Last updated Sept 10 2015. Edited by Herb Johnson, (c) Herb Johnson, with content provided by Lee Hart, Kyle Owen, and others.
VCF-MW 2015, Vintage Computer Festival - Midwest for 2015, was held near Chicago in August 2015. Caption photo above by Kyle Owen, used with permission. This Web page describes the appearance of Lee Hart and his colleagues as they demonstrated the 1802 Membership Card and kit. Lee Hart's 1802 Membership Card kits are based on the RCA COSMAC 1802 processor. "For those just tuning in, the Membership Card is a reproduction of the original Popular Electronics COSMAC Elf computer, but shrunk to fit in an Altoids tin! It works the same, and runs the same software." - Lee Hart, developer. See the home page for more information and how to order.
Where's Lee? The photo on left is a closeup from the caption photo above. Photos courtesy Kyle Owen.
Lee Hart: I just returned from VCF-Midwest, where I exhibited both the 1802 and Z80 Membership Cards. There was definitely a much stronger interest in the Z80 version. It's a little hard to tell which one *sells* better, as I sold all I had of both! I was hindered by part supply problems [and did not bring as many Membership Card kits to sell]. [See Lee Hart's kit product Web page, for the products he showed and sold at VCF-MW.]
It was amazing to see how much "old iron" was there; both the real stuff itself, and many MANY reproductions and emulators.
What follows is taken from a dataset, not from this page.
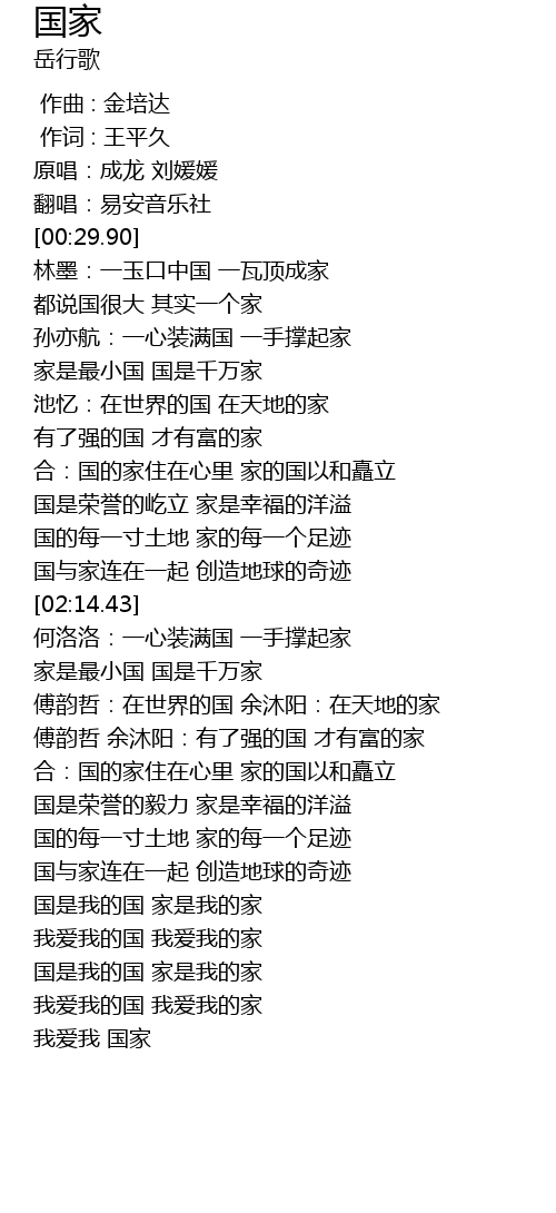 | [03:42.21] | 我爱我的国 我爱我的家 |

There was an original Apple-I, numerous DEC machines, a MITS 680, SWTP 6800 system, my RCA VIP, and many more than I can remember. There were reproductions of the Apple-I, KIM, Atari, Amiga, Commodore, and of course my 1802 Elf Membership Card. Josh had his Mark-8 there and working (fitfully), as well as his S-100 8080 board and [N8VEM] IMSAI front panel [work-alike]. The oldest emulator was of a Burroughs B220 emulator (a vacuum tube mainframe computer).
[The event] had a real MITS Altair 680 running on a Teletype at the show. They were using it to print people's name (or whatever other text they typed) on paper tape, as a give-away. It was kept busy much of the weekend.
A guy at the show was intrigued by the 1802, learned its instruction set from the little fold-out card, and wrote a little program to "krell" the Q LED. This means sending pulses of different widths to the LED, so it gradually gets brighter, then fades back out, and repeats. The name comes from the old "Forbidden Planet" movie, where all the lights on the control panels did this." - Lee Hart
The "satellite dish" in front of Lee and on the table, is Lee's model of the Galileo spacecraft which flew to Jupiter. It contained many 1802 processors.
VCF-MW Past Event page has links to photos and videos. The home page will show info on the 2015 show until they update it for the next show. One set of 2015 images is from Kyle Owen, who kindly permitted me to use his photos here.
YouTube video by Chris537 "ECCC/VCF Show 2015". Lee Hart appears about 3:45 time-stamp for several seconds.